#### Your goal:
The records must be retyped exactly, with no pictures included.

Data items:
+===+

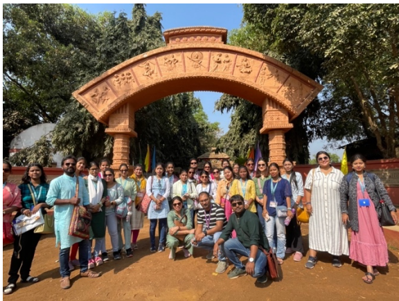
Heritage (Regional Winner for Capture Culture)
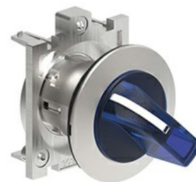
Illuminated selector switch actuator - 3 position LPFSL13
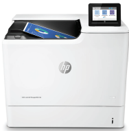
HP Color LaserJet Managed E65150dn

Dynamic security enabled printer. Only intended to be used with cartridges using an HP original chip. Cartridges using a non-HP chip may not work, and those that work today may not work in the future. http://www.hp.com/go/learnaboutsupplies
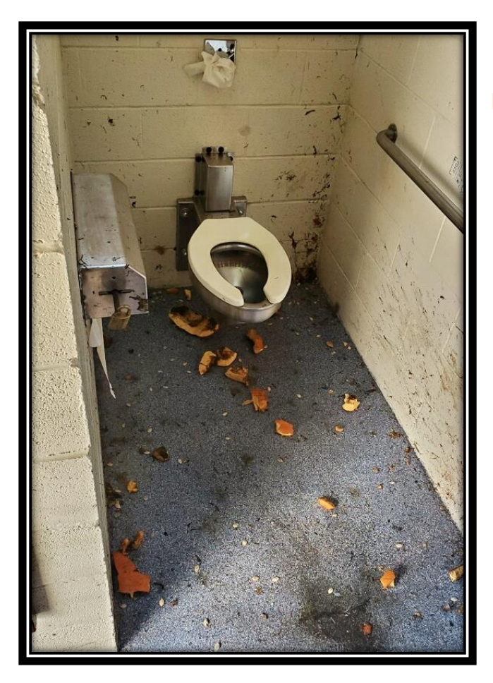
Pumpkin explosion @ park bathrooms
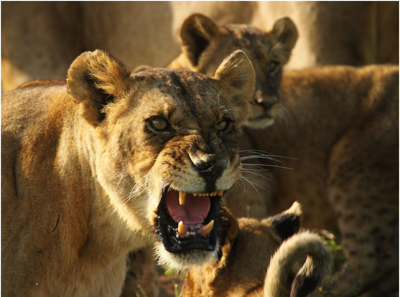
Lioness in protection mode, Lake Nakuru NP.

be Kenya. This tour was not timed to get a huge species list, since the European migrants were not present yet, but instead timed to get the most out of the Wildebeest migration in the Masai Mara Reserve. Highlights were plentiful for this tour, and it is hard to peg down and one highlight. Big cats are always a favourite, and they put on a show for sure. Seeing a family of Cheetah feeding on a Thomson's Gazelle, and then finding Serval and a pride of Lions 20 minutes later was cause for a morning celebration. Then watching a Leopard at a "feeder" in the east was simply too easy. Watching thousands of wildebeest cross the Mara River guarded by 20 foot Nile Crocodiles puts the reality of the food chain in your face. Then, being in the middle of the commotion while the huge African Crowned-Eagle attacked a troop of Blue Monkeys in Kakamega Forest, and finding the rare Sokoke Scops-Owl and weird Golden-rumped Elephant-Shrew in the coastal Sokoke forest. These are just a few of many great memories.
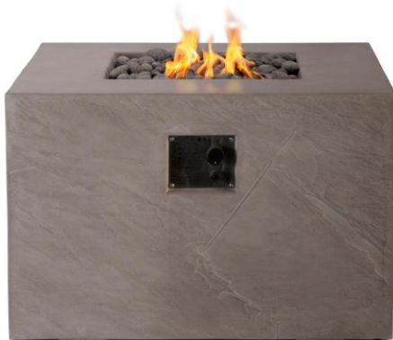
Slate Grey shown above CA-SL-NG/LP
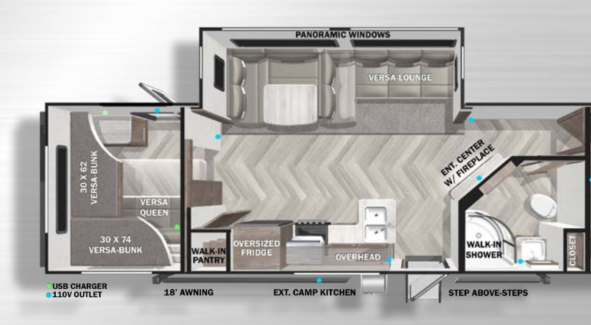
MODEL #: 29VBUD UVW: 7,728 LBS LENGT

+===+

#### Written answer:
Heritage (Regional Winner for Capture Culture)
Illuminated selector switch actuator - 3 position LPFSL13
HP Color LaserJet Managed E65150dn

Dynamic security enabled printer. Only intended to be used with cartridges using an HP original chip. Cartridges using a non-HP chip may not work, and those that work today may not work in the future. http://www.hp.com/go/learnaboutsupplies
Pumpkin explosion @ park bathrooms
Lioness in protection mode, Lake Nakuru NP.

be Kenya. This tour was not timed to get a huge species list, since the European migrants were not present yet, but instead timed to get the most out of the Wildebeest migration in the Masai Mara Reserve. Highlights were plentiful for this tour, and it is hard to peg down and one highlight. Big cats are always a favourite, and they put on a show for sure. Seeing a family of Cheetah feeding on a Thomson's Gazelle, and then finding Serval and a pride of Lions 20 minutes later was cause for a morning celebration. Then watching a Leopard at a "feeder" in the east was simply too easy. Watching thousands of wildebeest cross the Mara River guarded by 20 foot Nile Crocodiles puts the reality of the food chain in your face. Then, being in the middle of the commotion while the huge African Crowned-Eagle attacked a troop of Blue Monkeys in Kakamega Forest, and finding the rare Sokoke Scops-Owl and weird Golden-rumped Elephant-Shrew in the coastal Sokoke forest. These are just a few of many great memories.
Slate Grey shown above CA-SL-NG/LP
MODEL #: 29VBUD UVW: 7,728 LBS LENGT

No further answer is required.